Voor buitenstaanders zijn de anekdotes van de docenten uit het hoger onderwijs misschien verrassend, maar ze illustreren wat al in tientallen onderzoeken aangetoond werd. De taalvaardigheid van Vlaamse jongeren gaat snel achteruit en dat probleem ontstaat al in de kinderjaren. Eén op de zeven kleuters scoort vandaag onvoldoende op Nederlands en naarmate de schoolcarrière vordert, worden de issues nog groter.
Functioneel analfabeet
De recentste PISA-studie toont zo aan dat in 2019 20 procent van de Vlaamse leerlingen het onderwijs als functioneel analfabeet verliet. De resultaten van de nieuwe PISA-studie worden pas dit jaar verwacht, maar experts verwachten dat de coronacrisis en het lerarentekort de taalvaardigheid nog verder deden dalen.
Voor het hoger onderwijs zijn er veel minder concrete cijfers over het taalniveau van studenten, maar het is logisch dat zij de gevolgen dragen van wat in de eerdere schooljaren misloopt. “Alle universiteiten en hogescholen hebben initiatieven genomen om de taalvaardigheid van studenten op te krikken. Vroeger was dat niet nodig”, zegt hoogleraar Engelse taalkunde Lieven Buysse (KU Leuven).
Als lid van de kerngroep van het Vlaams Talenplatform denkt hij na over manieren om het taalniveau van jongeren weer op te krikken. Daarvoor is er volgens hem een aanpassing van de visie op een doelgerichte lesaanpak in het leerplichtonderwijs nodig.
“Bij wiskunde vindt iedereen het normaal dat je eerst formules leert en pas daarna toepassingen behandelt, maar bij het taalonderwijs ligt de focus meteen op toepassingen zonder eerst een basis aan inzicht in structuren mee te geven. Dat werkt niet”, zegt hij. De kennisfundamenten zijn cruciaal, maar leerkrachten worden vandaag nog vaak tegengehouden om daar veel aandacht aan te besteden.
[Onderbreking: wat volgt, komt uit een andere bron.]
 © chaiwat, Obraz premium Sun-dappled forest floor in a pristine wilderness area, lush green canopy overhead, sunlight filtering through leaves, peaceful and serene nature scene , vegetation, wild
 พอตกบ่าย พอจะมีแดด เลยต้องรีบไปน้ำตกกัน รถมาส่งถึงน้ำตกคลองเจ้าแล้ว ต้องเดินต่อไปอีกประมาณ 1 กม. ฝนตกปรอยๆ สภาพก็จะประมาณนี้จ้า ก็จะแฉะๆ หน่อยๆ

De problemen in het leerplichtonderwijs hebben gevolgen voor de taaldocenten van morgen. Wie vandaag aan een educatieve bacheloropleiding begint, moet zo een verplichte taaltest afleggen. Ook daar liggen de scores laag en het is voor hogescholen niet eenvoudig om de groeiende kennisgaten dicht te fietsen. Op die manier dreigt een vicieuze cirkel te ontstaan waarbij de kwaliteit van het taalonderwijs verder achteruitgaat.
Nieuwe eindtermen
Achter de anekdotes over de dt-fouten van studenten gaan dus verschillende problemen schuil, maar dat betekent niet dat ze onoplosbaar zijn. Buysse gelooft dat de nieuwe eindtermen een kans bieden om de onderwijstanker te keren. Een grotere focus op kennisoverdracht kan daarbij het verschil maken, al moet de rol van taal dan wel naar waarde geschat worden.
“Klassenraden nemen tekorten voor taalvakken niet altijd ernstig”, zegt Buysse. Daarnaast krijgen leerlingen die slecht zijn in taal en wiskunde nog vaak het advies om toch een talenrichting te volgen. Leerkrachten staan daardoor voor een erg heterogeen publiek, wat de kwaliteit niet meteen ten goede komt.
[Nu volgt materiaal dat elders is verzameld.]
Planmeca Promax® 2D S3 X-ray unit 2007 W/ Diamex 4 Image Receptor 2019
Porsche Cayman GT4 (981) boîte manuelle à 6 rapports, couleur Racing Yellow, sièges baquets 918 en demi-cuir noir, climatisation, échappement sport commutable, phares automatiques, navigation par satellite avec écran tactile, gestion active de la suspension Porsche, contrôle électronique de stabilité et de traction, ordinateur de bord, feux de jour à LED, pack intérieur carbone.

Als onderwijzers wat minder grammaticale en stilistische fouten in de antwoorden van hun leerlingen willen zien, is het ten slotte belangrijk om niet alleen op het functionele aspect in te zetten. Katholiek Onderwijs Vlaanderen schrapte zo een uur Nederlands uit het lessenpakket van het eerste jaar secundair onderwijs, maar andere leerkrachten kunnen dat niet zomaar compenseren.
“Als je het niet systematisch en gestructureerd aanpakt, bereiken de taalcompetenties van leerlingen nooit het niveau dat de maatschappij verwacht”, besluit Buysse.